*** Records shown ***
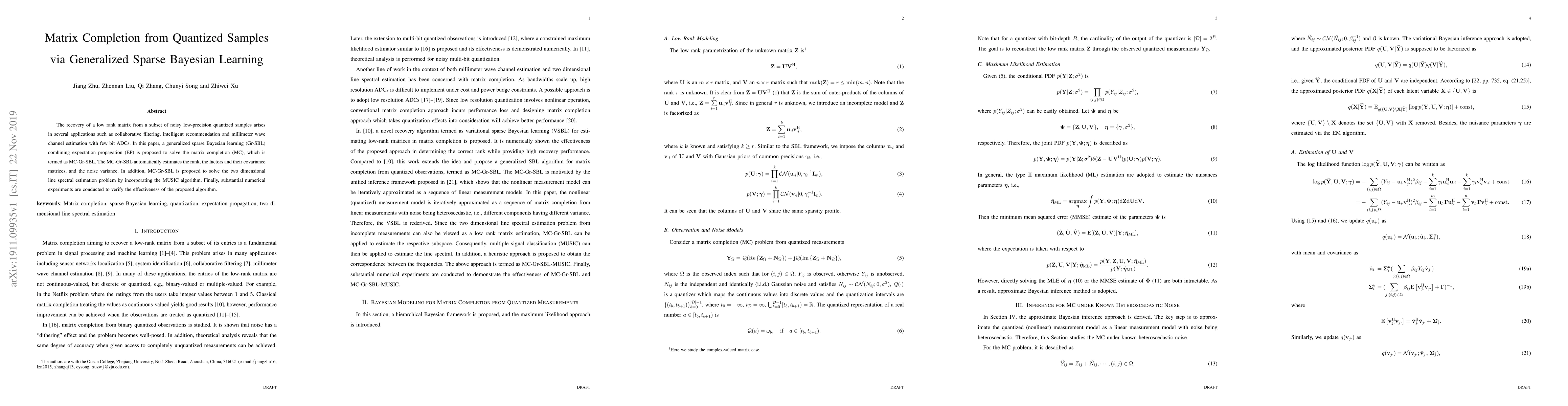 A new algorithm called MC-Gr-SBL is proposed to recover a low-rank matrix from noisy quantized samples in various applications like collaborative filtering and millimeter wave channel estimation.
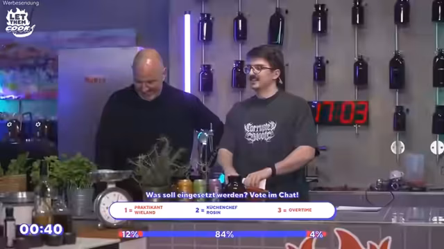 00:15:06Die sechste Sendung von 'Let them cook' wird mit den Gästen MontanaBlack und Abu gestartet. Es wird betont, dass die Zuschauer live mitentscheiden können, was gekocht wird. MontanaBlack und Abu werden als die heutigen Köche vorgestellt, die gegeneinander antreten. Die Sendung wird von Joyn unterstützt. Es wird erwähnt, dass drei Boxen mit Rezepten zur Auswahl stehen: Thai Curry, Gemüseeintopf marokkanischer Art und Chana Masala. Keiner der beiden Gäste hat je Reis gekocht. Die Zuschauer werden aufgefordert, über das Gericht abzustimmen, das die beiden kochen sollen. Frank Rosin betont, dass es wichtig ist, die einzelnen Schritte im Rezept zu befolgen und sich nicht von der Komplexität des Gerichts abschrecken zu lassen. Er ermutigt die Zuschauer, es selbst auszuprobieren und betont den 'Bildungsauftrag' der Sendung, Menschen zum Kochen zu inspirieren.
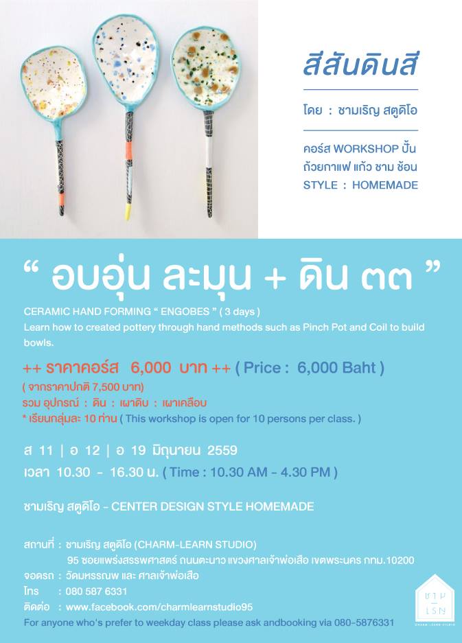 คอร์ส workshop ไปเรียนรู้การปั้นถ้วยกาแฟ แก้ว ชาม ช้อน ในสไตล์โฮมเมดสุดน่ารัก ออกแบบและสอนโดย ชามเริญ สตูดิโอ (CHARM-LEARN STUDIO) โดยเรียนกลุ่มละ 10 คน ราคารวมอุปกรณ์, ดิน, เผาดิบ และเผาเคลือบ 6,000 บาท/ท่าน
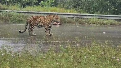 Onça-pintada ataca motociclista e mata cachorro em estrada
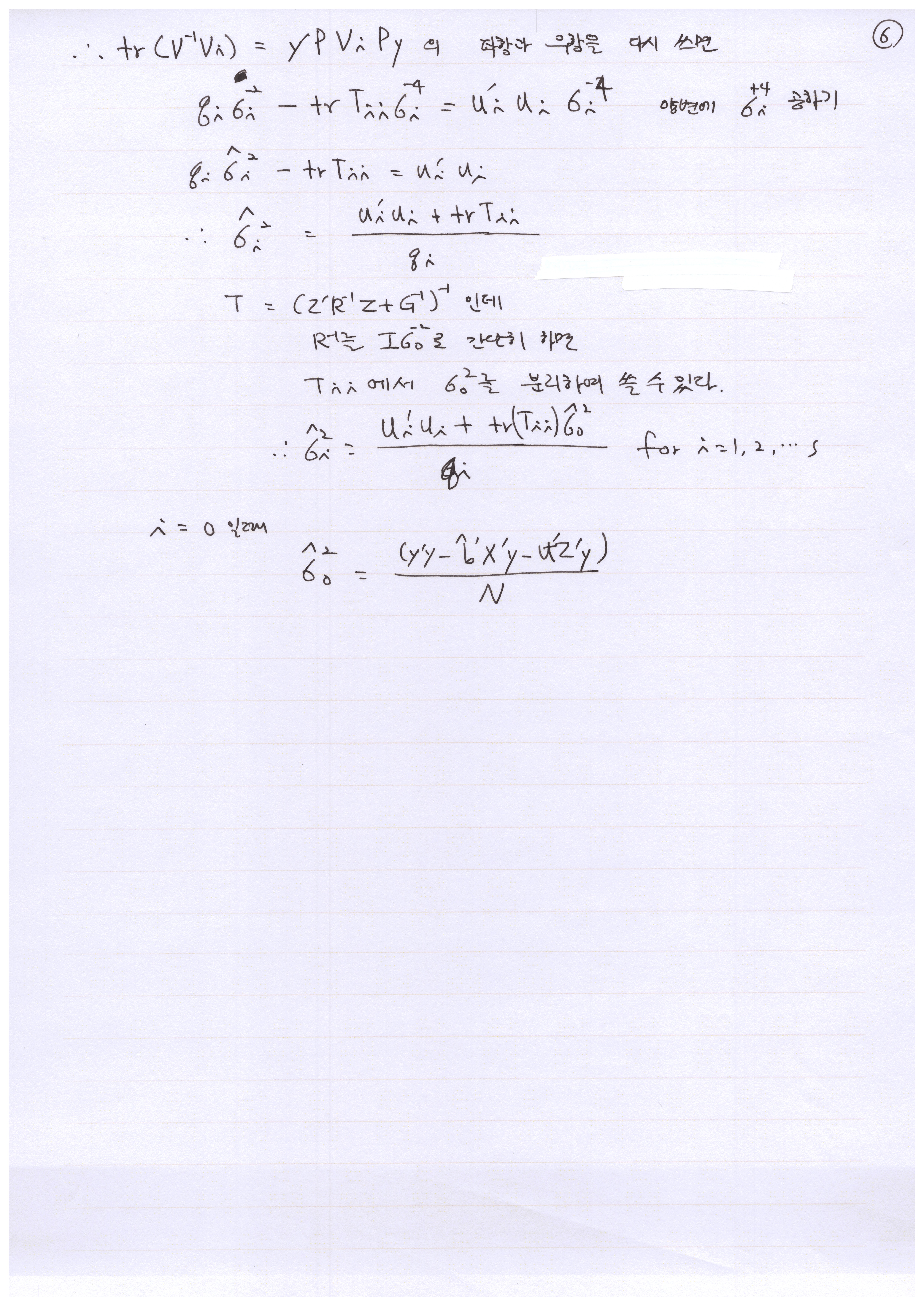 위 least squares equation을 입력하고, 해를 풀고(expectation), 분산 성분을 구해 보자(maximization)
*** End of Records shown ***
The problem:
From the first line to the last, retype the entries above exactly, minus the pictures.

Answer to this problem:
 A new algorithm called MC-Gr-SBL is proposed to recover a low-rank matrix from noisy quantized samples in various applications like collaborative filtering and millimeter wave channel estimation.
 00:15:06Die sechste Sendung von 'Let them cook' wird mit den Gästen MontanaBlack und Abu gestartet. Es wird betont, dass die Zuschauer live mitentscheiden können, was gekocht wird. MontanaBlack und Abu werden als die heutigen Köche vorgestellt, die gegeneinander antreten. Die Sendung wird von Joyn unterstützt. Es wird erwähnt, dass drei Boxen mit Rezepten zur Auswahl stehen: Thai Curry, Gemüseeintopf marokkanischer Art und Chana Masala. Keiner der beiden Gäste hat je Reis gekocht. Die Zuschauer werden aufgefordert, über das Gericht abzustimmen, das die beiden kochen sollen. Frank Rosin betont, dass es wichtig ist, die einzelnen Schritte im Rezept zu befolgen und sich nicht von der Komplexität des Gerichts abschrecken zu lassen. Er ermutigt die Zuschauer, es selbst auszuprobieren und betont den 'Bildungsauftrag' der Sendung, Menschen zum Kochen zu inspirieren.
 คอร์ส workshop ไปเรียนรู้การปั้นถ้วยกาแฟ แก้ว ชาม ช้อน ในสไตล์โฮมเมดสุดน่ารัก ออกแบบและสอนโดย ชามเริญ สตูดิโอ (CHARM-LEARN STUDIO) โดยเรียนกลุ่มละ 10 คน ราคารวมอุปกรณ์, ดิน, เผาดิบ และเผาเคลือบ 6,000 บาท/ท่าน
 Onça-pintada ataca motociclista e mata cachorro em estrada
 위 least squares equation을 입력하고, 해를 풀고(expectation), 분산 성분을 구해 보자(maximization)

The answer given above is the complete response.